Belum selesai Lintang mengucapkan salam, Ziana menendang tulang kering Mahanta hingga pria itu mundur selangkah. Belum sempat Mahanta dan Lintang bereaksi, Ziana sudah menerobos keluar dan berlari cepat menuju lift. Diabaikannya panggilan Mahanta di sepanjang lorong itu. Sesampainya di depan lift, Ziana buru-buru menekan tombol lift agar terbuka. Kegelisahan terlihat jelas diwajahnya yang pucat. Beruntung lift itu segera terbuka dan Ziana segera masuk ke dalamnya.

“Sial! Dia kabur lagi!” umpat Mahanta. Dia segera mengganti pakaiannya dengan satu stel pakaian kerja yang dibawa Lintang. Asisten pribadinya itu tampak berdiri di dekat pintu kamar, tersenyum tipis di balik kacamatanya.  

“Ngomel melulu, bro. Semalam, kamu beneran tidur sama Ziana?” tanya Lintang memecah keheningan di antara mereka.

“Terus menurutmu, aku harus tidur dengan siapa? Untung saja ada dia,” ucapnya dingin, tapi sedetik kemudian berkobar lagi. “Sialan! Siapapun yang menaruh obat perangsang di minumanku dan Ziana, harus membayar mahal!”

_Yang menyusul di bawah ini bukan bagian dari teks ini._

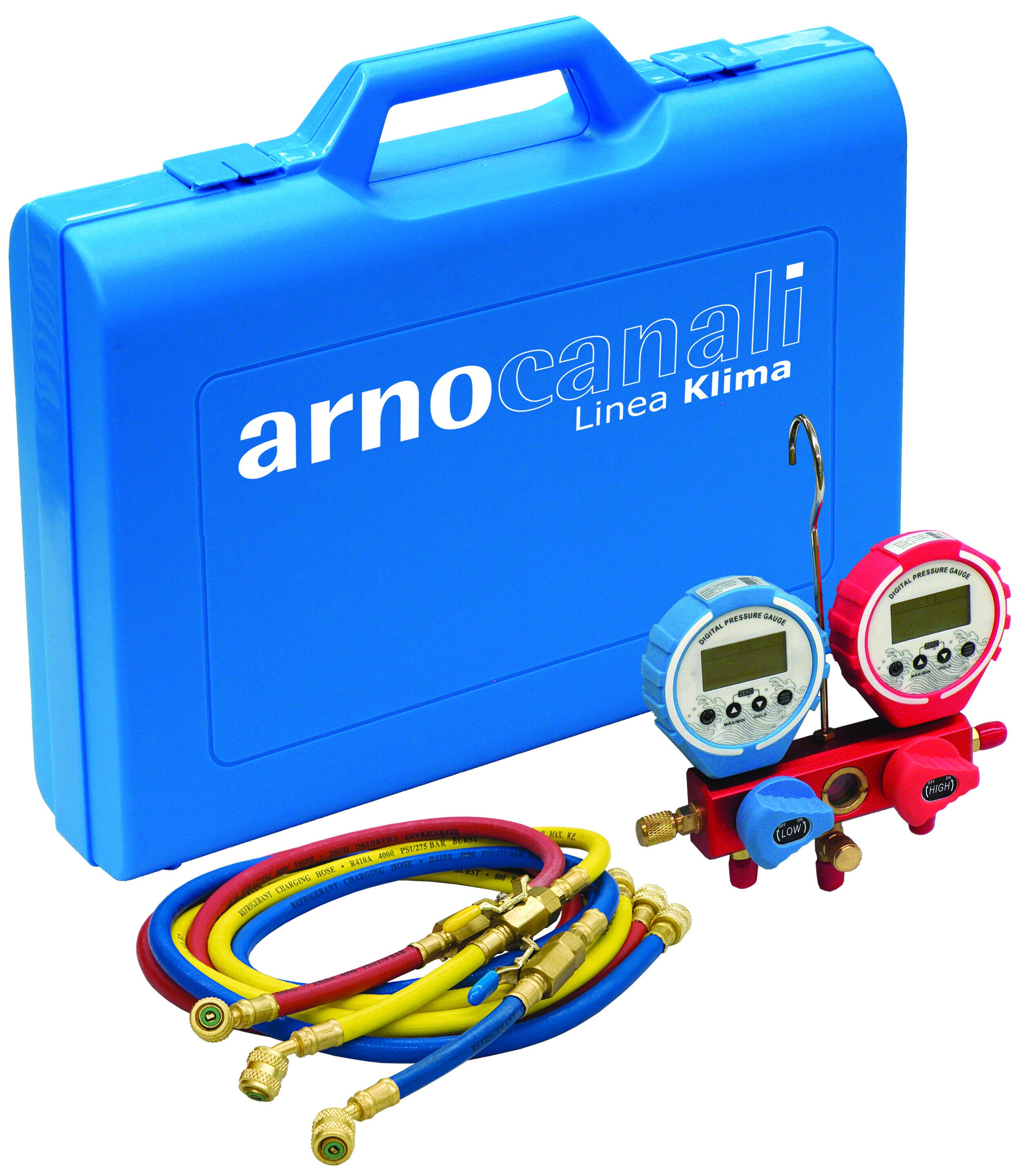 Manomentro per compressore, 4 vie in alluminio. Per tutti i tipi di gas

Lintang memicingkan matanya, sebagai tanda curiga pada Mahanta. Selain sebagai asisten pribadi Mahanta, Lintang juga salah satu sahabat dekat Mahanta. Sedikit tidaknya, Lintang tahu sifat Mahanta.

“Bukannya kamu sendiri pelakunya? Aku sudah tahu sejak kita menemukan keberadaan Ziana. Di dalam otakmu hanya ada dia. Tiga tahun, bro. Untung kamu nggak gila,” tuduhnya memojokkan Mahanta.

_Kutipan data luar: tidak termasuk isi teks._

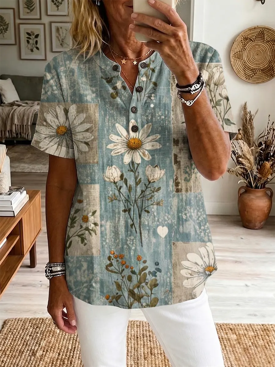Women's Short-sleeve Cotton-linen Blouse With Floral Patchwork Artistic Print And Cutout Details

“Diam! Apa perintahku sudah beres?”

“Perintahmu selalu beres, bos. Kecuali untuk masalah Ziana. Kenapa harus dia? Apa nggak ada pilihan lain? Yang lebih kompeten, lebih cantik, lebih__” Lintang terjeda saat Mahanta menatapnya tajam. Otaknya langsung berpikir cepat sebelum menerima surat mutasi ke Antartika. “Sudah beres! Kita bisa ke kantor sekarang, bos.”